Odyssée, XII, 442-444 :

« Ἧκα δ᾽ ἐγὼ καθύπερθε πόδας καὶ χεῖρε φέρεσθαι, µέσσῳ δ᾽ ἐνδούπησα παρὲξ περιµήκεα δοῦρα, ἑζόµενος δ᾽ ἐπὶ τοῖσι διήρεσα χερσὶν ἐµῇσι ».

« Je lâchai pieds et mains et, à grand bruit, je retombais en plein courant près de mes poutres et, me hissant dessus, je ramais avec mes deux mains ».

L’image des chauves-souris en vol représente le départ des prétendants vers les mondes infernaux. Dans les lignes 5-10 qui précèdent la mention du rocher blanc (7-11), on retrouve le verbe ἀποπίπτω qui signifie « tomber de quelque chose » 26 et la chute du rocher faite par

l’une d’entres-elle est suivie par l’envol des autres membres du groupe qui entament ainsi leur périple (Russo 1992 : 360) 27 .

Dans un autre extrait de l’Odyssée, l’image de la chauve-souris est associée au mouvement d’une chute et qui plus est, à un plongeon dans la mer. À la fin du chant XII, Ulysse prit entre Charybide et Sylla est comparé à une chauve-souris lorsqu’il bondit sur la branche d’un arbre et qu’il y reste longtemps agrippé avant de lâcher prise et de plonger dans la mer28. La chauve-souris associée à l’idée d’une chute dans un univers marin renforce l’association entre le motif du plongeon et du rocher blanc au chant XXIV de l’Odyssée.

Cette métaphore des prétendants permet d’avancer prudemment l’hypothèse que la roche à laquelle était agrippée les chauves-souris (5-10) et la Roche blanche de l’énumération eschatologique (7-11)concernent en fait le même rocher, car étant deux représentations, l’une poétique et l’autre narrative, du mouvement des âmes vers les Enfers. Cette « image » des prétendants et de leur périple serait donc précédée de l’image d’un saut ; formulant une piste de recherche sur la construction graduelle du motif du plongeon rituel dans le chant XXIV de l’Odyssée.

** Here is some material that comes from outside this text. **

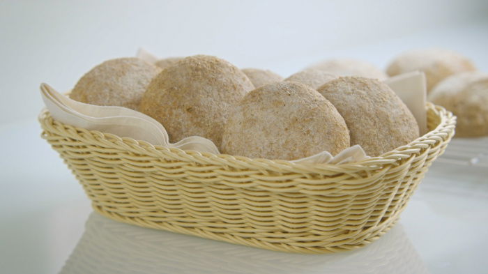 When the rolls have risen, remove the bag and sprinkle them with flour, and bake them on a high shelf of the oven for 20-25 minutes, then cool them on a wire cooling rack.
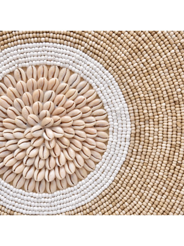 Disco de miçanga com detalhe em buzios naturais no centro e nas bordas. Acompanha pedestal de ferro. Conjunto com 3 peças.

26 Πίπτω signifie « tomber » et ἀποπιπτω signifie « tomber de quelque chose » ce qui donne la précision d’une

chute à pic du haut d’une hauteur.

27 Russo est le premier à vraiment attirer l’attention sur la présence des chauves-souris dans le chant XXIV: « The

noisy flight of the souls is likened to the sound of bats (νυκταρίδες) unsetteld and fluttering around (ποτέονται) in the corner of a large cave when one (tis) of the colony ὁρµαθός ; hapax from ὅρµος (‘chain’) falls from the rock face, and the others secure their hold on each other above (ἀνά) » (Russo 1992 : 358). Nous nous rappellerons également d’un procédé métaphorique similaire quand l’armée des Achéens est décrite dans l’Iliade comme un groupe bruissant et indistinct, ainsi comparée à « des abeilles bourdonnantes » (Il, II, 109-154), image qui sera reprise par Circé lorsqu’elle décrira comme un « essaim de morts » les défunts s’assemblant autour d’Ulysse dans la première Nékuia (Odyssée, X, 517-534), Russo 1992 : 360.

28 Dans le premier extrait, l’une d’elles tombe de quelque chose et dans le deuxième, la chauve-souris est

comparée au bond d’Ulysse, montrant deux mouvements différents, mais dans une situation similaire: celle d’être agrippé à un lieu surélevé et de lâcher prise, provoquant ainsi une chute à pic qui au chant douze se déroule dans un univers marin.